INTRODUCTION: THE AMBITIONS OF THE COMMON FOREIGN AND SECURITY POLICY
I hope that I have never over-sold to this House the achievements of the Common Foreign and
Security Policy or even its potential under the existing Treaty. I have always been acutely conscious of its
limitations. Let me quote briefly from a speech I made almost three years ago, in June 2000:
"In
the important advances achieved in CFSP in the last decade," I said, "the Member States have not given the
Commission a sole right of initiative; nor, in general, have they agreed to abide by majority votes; nor do they
accept that Europe has 'occupied the space', reducing national freedom of action…Foreign policy remains
primarily a matter for democratically elected Member State governments."
That has
never been more evident than over the last few miserable weeks, which have also amply illustrated what I went on
to say that:
" All Member States should acknowledge what those actually doing the work of CFSP have
long understood that mere inter-Governmentalism is a recipe for weakness and mediocrity: for a European foreign
policy of the lowest common denominator. That will become more and more obvious as the Union takes in new
members."
The sorry figure cut by the European Union in recent weeks should not blind
us to the real and remarkable achievements of CFSP over the last decade: in the Balkans, in Afghanistan, and in
many other parts of the world. But it should also remind us how far we have to go. Of course, it is possible as
some have suggested for a small group of Member States to act as a driving force to give Europe a coherent, high
profile foreign policy. But without better machinery to harness common political will, they are just as likely
to drive an incoherent high-profile policy. This has not been a good time for those who believe that the way
forward for European foreign policy is to leave things to the big Member States.
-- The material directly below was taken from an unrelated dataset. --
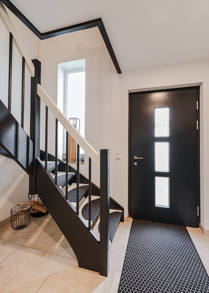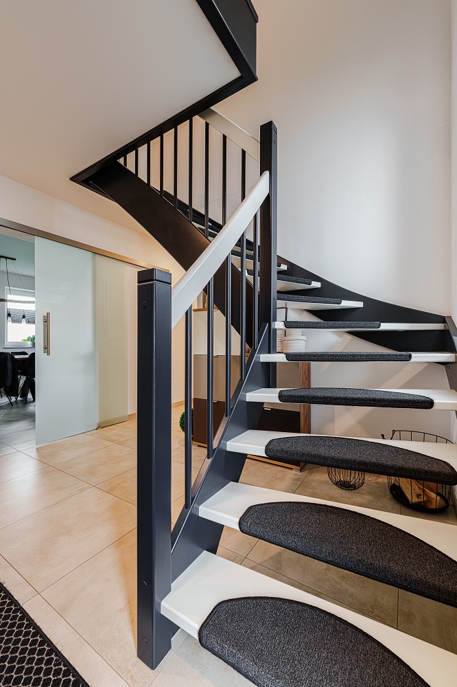 Eingestemmte Wangentreppe, mit einer 1/4 Wendlung, offen ohne Setzstufen, mit weißen Stufen und Handläufe.

ENHANCING THE ROLE OF THE UN
One lesson we can already draw
from the unfolding events is the importance of developing the role and authority of the United Nations. It is in
the interests of the whole world that power should be constrained by global rules, and used only with
international agreement. What other source of international legitimacy but the UN exists for military
intervention? On what other basis is it possible, indeed, to address the problem of weapons of mass destruction?
I am here thinking not just of the particular case of Iraq, but of the wider issue. America's refusal to press
forward with ratification of the Comprehensive Test Ban Treaty hardly strengthens the hand of the IAEA and
others seeking to prevent the proliferation of nuclear technology in Iran, North Korea and beyond. I regretted,
too, America's decision to resile so lightly from the Anti-Ballistic Missile Treaty. For such decisions and
there have been many send a dangerous signal about the value that the US places on international commitments.
And that, surely, is a critical battle lost in what some call the 'war against terrorism'.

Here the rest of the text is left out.